Croazia ( jaime.silva / Flickr)

La Commissione europea dichiara che per la Croazia non ci sarà alcun "6 politico", analogo a quello assegnato a Bulgaria e Romania, entrate nella Ue pur non avendo adempiuto del tutto agli standard comunitari. Zagabria dovrà risolvere tutti i dossier ancora aperti per diventare il 28° membro dell'Unione

09/04/2010 -  Alvise Armellini

 

Il neo-commissario Ue all’Allargamento, Štefan Füle, l’ha spiegato chiaramente: i meccanismi di sorveglianza che hanno coperto come una foglia di fico le lacune di Bulgaria e Romania nel campo della giustizia e della lotta alla corruzione non verranno invocati nel caso della Croazia.
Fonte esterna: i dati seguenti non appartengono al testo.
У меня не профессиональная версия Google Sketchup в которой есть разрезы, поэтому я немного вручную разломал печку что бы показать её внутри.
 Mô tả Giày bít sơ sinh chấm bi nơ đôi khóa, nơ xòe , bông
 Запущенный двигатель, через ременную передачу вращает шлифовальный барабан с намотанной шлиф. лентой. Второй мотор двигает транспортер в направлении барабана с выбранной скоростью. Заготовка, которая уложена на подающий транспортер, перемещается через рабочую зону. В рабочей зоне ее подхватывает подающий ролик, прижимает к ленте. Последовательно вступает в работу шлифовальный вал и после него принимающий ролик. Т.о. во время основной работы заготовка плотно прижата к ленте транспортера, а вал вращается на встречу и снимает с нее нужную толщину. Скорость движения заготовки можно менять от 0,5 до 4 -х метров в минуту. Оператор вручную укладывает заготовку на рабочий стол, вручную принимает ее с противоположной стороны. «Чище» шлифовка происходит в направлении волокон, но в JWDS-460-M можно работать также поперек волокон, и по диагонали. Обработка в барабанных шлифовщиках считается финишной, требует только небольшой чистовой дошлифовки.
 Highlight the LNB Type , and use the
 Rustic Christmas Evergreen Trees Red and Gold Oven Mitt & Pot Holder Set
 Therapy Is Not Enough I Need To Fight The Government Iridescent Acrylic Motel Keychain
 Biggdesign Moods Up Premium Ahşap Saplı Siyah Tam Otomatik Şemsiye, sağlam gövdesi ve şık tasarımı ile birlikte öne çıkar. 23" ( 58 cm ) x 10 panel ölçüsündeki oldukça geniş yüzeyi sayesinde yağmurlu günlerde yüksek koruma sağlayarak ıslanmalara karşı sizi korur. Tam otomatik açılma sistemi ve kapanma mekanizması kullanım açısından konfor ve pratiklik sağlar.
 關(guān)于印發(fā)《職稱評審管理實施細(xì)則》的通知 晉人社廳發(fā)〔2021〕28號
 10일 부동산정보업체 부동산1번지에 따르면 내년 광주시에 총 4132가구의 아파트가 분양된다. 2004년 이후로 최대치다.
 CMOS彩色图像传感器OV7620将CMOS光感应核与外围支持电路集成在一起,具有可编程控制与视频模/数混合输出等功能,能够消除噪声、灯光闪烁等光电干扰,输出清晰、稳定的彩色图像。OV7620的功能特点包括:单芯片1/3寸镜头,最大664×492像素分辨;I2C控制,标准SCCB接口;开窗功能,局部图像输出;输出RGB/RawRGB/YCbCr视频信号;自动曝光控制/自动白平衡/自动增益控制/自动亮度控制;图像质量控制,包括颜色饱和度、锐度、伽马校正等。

“Siamo così concentrati sulla qualità dei negoziati di adesione che qualsiasi congettura su un possibile meccanismo di monitoraggio è assolutamente fuori luogo”, ha dichiarato l’ex diplomatico ceco al sito specializzato Euractiv.

E infatti ad ogni occasione di incontro con le autorità di Zagabria, i responsabili dell’esecutivo Ue battono il tasto sulla quantità di lavoro che rimane da fare prima che il club dei Ventisette possa allargarsi alla Croazia.

Il 5 marzo, in occasione del debutto a Bruxelles del nuovo presidente croato Ivo Josipović, il numero uno della Commissione Ue, José Manuel Barroso, ha individuato quattro “sfide chiave” ancora da risolvere.

Ovvero la riforma del sistema giudiziario e della pubblica amministrazione, il rispetto dei diritti delle minoranze e la piena cooperazione con il Tribunale penale internazionale per l’ex Jugoslavia (Tpi), che nell’ambito del processo all’ex generale Ante Gotovina, reclama pieno accesso agli archivi militari croati. “Ci aspettiamo una serie convincente di risultati concreti,” ha indicato il portoghese.

Dei trentatré dossier in cui sono suddivisi i negoziati di adesione Ue-Croazia, diciassette sono stati già chiusi, mentre i negoziati sono in corso su altri tredici. Sui restanti tre "capitoli", invece, i colloqui devono ancora partire.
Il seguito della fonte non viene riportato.